Jul 13, 2025

Fox Games: part 1

Fox Games is a term to refer to classic games based on the idea of asymmetric forces. One side needs to encircle/block the adversary, while the other needs to escape or capture all enemy pieces.

Perhaps the oldest game in this family is Hnefatafl played in medieval Scandinavia, where one player with the central player tries to escape to the edge of the board.
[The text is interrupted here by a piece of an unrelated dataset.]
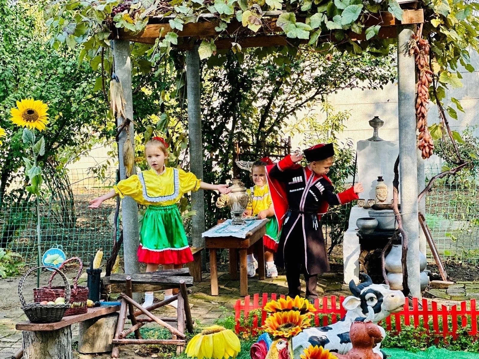 На базе МБДОУ детский сад № 30 х. Екатериновского 12 октября прошло заседание районного методического объединения для педагогов-дошкольников «Казачий круг» на тему «Проектная деятельность в группах казачьей направленности» - «Мы- наследники рода казачьего». Заведующий детским садом Беленко О.В. и старший воспитатель Манько С.П. поделились с коллегами опытом создания проектов, посредством которых дети на конкретных примерах впитывают дух казачества, трудолюбие и доброту, взаимовыручку и сочувствие, любовь к семье и близким. Территория детского сада - яркий пример воспитания дошкольников не только словом , но и делом. Для педагогов была организована экскурсия по ухоженной территории детского сада, а на казачьем подворье дошколята представили воспитателям инсценировку шуточной кубанской песни «Варенички».

The Ballinderry Halatafl-Board

Alea evangelii (Game of the Gospels) in a 11th century manuscript

A more well-known modern game is Fox and Geese where, instead of escaping the board, the Fox needs to capture all the Geese (by jumping over one piece at a time, checkers-like), while these can only try to block the Fox. The next board uses one fox against 13 geese (or hens, in this case),

Nouveau Jeu du Renard (The New Game of the Fox)
board from Collection de Jeux Anciens

Another variant is The Game of Assault (Le Jeu de Assaut), with more pieces, making the board more crowded: there are two defenders against 24 besiegers:

This previous board, c.1860, is from the game The Siege of Sebastopol (Jeu de l'Assaut de Sébastopol). The theme is based in the War of the Crimea

 
Assault games had several war motives over the 19th century; check the excellent blog Collection de Jeux Anciens for more examples. 
 
The next board is older, c.1814, again with a (rather abstract) military theme,

Two other games with foxes (renards in French),
 

patricia m, Flickr

This one has a sports-based theme:
 

A simpler version of this family was mathematically analyzed at Winning Ways, the bible of Combinatorial Game Theory (chapter 20 is dedicated to Fox Games),


This more abstract setup is older than Winning Ways, since it appears in 1938, published by Spear Spiele, and named 4 Gegen 1 (1 against 4).
 

[addendum] Two years later, also in Germany, another game with a similar idea, this time on a larger 22x22 board, uses two asymmetrical armies in a naval context of U-boats and destroyers, 1940's Das U-Boot-Spiel:


The map is based on the actions of German U-boat Captain Gunther Prien, 
who sunk the British battleship ‘Royal Oak’ in Scapa Flow, Scotland, in 1939
 

One player has four destroyers and one taker (that start at the marked squares at the top rows), and the U-boat either at A or B. 

The original rules:

The rules are not too specific of how the pieces should move (automated translation):

Four destroyers (each represented by four stones of the same color) take their positions on the dotted squares, and the steamship on the square marked with “T”. The submarine surfaces either at “A” or “B”, whichever the attacker chooses for their first move. The destroyers must bring the steamer safely into the harbor, traveling around the island. The submarine tries to stop them, by surfacing in front of or behind the steamer, or by passing alongside it.

It moves only on brown squares, usually one square at a time. Contrary to the steamer, which moves diagonally forward only, the submarine may also move backward.  To make the game more difficult, some squares can be marked as minefields. If the steamer enters one of these marked squares, it is considered destroyed. If the steamer reaches the harbor safely, it is rescued; if not, it is sunk. How the battle unfolds is left to the intelligence of the players.